Major housing schemes approved, despite party political spat

The Queens Dock proposal

More than 450 residential units were approved by Liverpool City Council planning committee this morning (November 9) – despite a party political fall out over Section 106 payments.

The row erupted over proposals to create 257 new apartments within two eight-storey blocks on Liverpool’s waterfront.

An application, by Barings/Glenbrook, proposes the build-to-rent scheme, which would be made up of 81% one-bed apartments, with the rest two-bed units.

The site is on land adjacent to The Keel, a former HMRC office block which was previously converted to residential use.

Councillors welcomed the scheme, which would create communal green spaces for residents, and include photo-voltaic panels on the roof of both units, built in a brick style to complement the nearby warehousing on the riverfront.

However, before a vote could be taken on the proposal, Lib Dem councillor, Pat Maloney put forward an amendment regarding a diminished Section 106 payment the council had accepted from the developers.

Section 106 payments fund improvements to the general community in the vicinity of a scheme, such as green spaces, public parks or walkways.

The proposal should have delivered a Section 106 payment of £767,000, but the developer argued this would make the scheme unviable, and, after discussions, agreed to pay £149,000, instead.

Cllr Maloney’s amendment called for the full Section 106 payment to be paid, saying: “Christmas is coming early for developers. It is not appropriate that the city should subsidise this development.”

But Labour councillor Joe Hanson, and his colleague and committee chair, Cllr Tony Concepcion, condemned the amendment, with Cllr Hanson accusing Cllr Maloney of “bringing politics into the proceedings”.

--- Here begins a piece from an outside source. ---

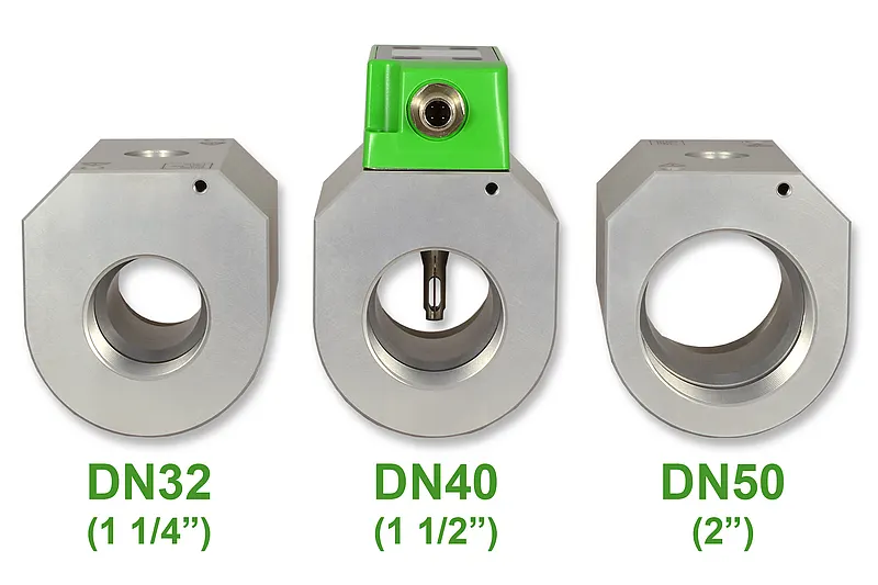 The modular EE741 consists of the transmitter unit with flow sensor and a stainless steel or aluminum gauge mounting block. The mounting blocks are available for DN15 (1/2”), DN20 (3/4”), DN25 (1”) and now also for DN32 (1 1/4”), DN40 (1 1/2”), DN50 (2”) pipes.

Cllr Concepcion added: “It is absolutely disgraceful the opposition party are using the planning process for political means.”

The amendment fell by seven votes to three. The original proposal was passed by seven votes, with two against and one abstention.

Another substantial housing scheme was passed unanimously.

Housing group Torus proposes to build a £30m “flagship scheme” that would deliver 195 units on a rent-to-buy basis, on Lightbody Street, in Kirkdale, close to the city centre and adjacent to the historical Stanley Dock area.

The land had been allocated for industrial purposes but has received a £7m Homes England grant to create the residential scheme on the banks of the Leeds-Liverpool Canal.

It aims to tap into the Mersey Heat Network power scheme currently being developed by Peel NRE, part of Manchester-based developer Peel L&P.

Plans include the demolition of vacant buildings and erection of three 6.5-storey blocks with two interlinked five-storey blocks comprising 70 one-bedroom apartments, 93 two-bedroom apartments and 22 three-bedroom apartments, with 10 townhouses.

Again, the issue of Section 106 payments was to the fore in the ensuing discussion.

The Lightbody Street proposals

The scheme would have generated £570,000 of income from the developer, but the council agreed to waive the payment on the grounds it would make the proposal unviable.

Cllr Hanson raised his concerns that the local community would miss out on a valuable contribution to local amenities.

But the developer, and the council’s planning officer, John Hayes, highlighted the public element included in the plans, such as a public square in front of nearby railway arches and a community space and landscaped area.

The proposal was passed unanimously by 10 votes.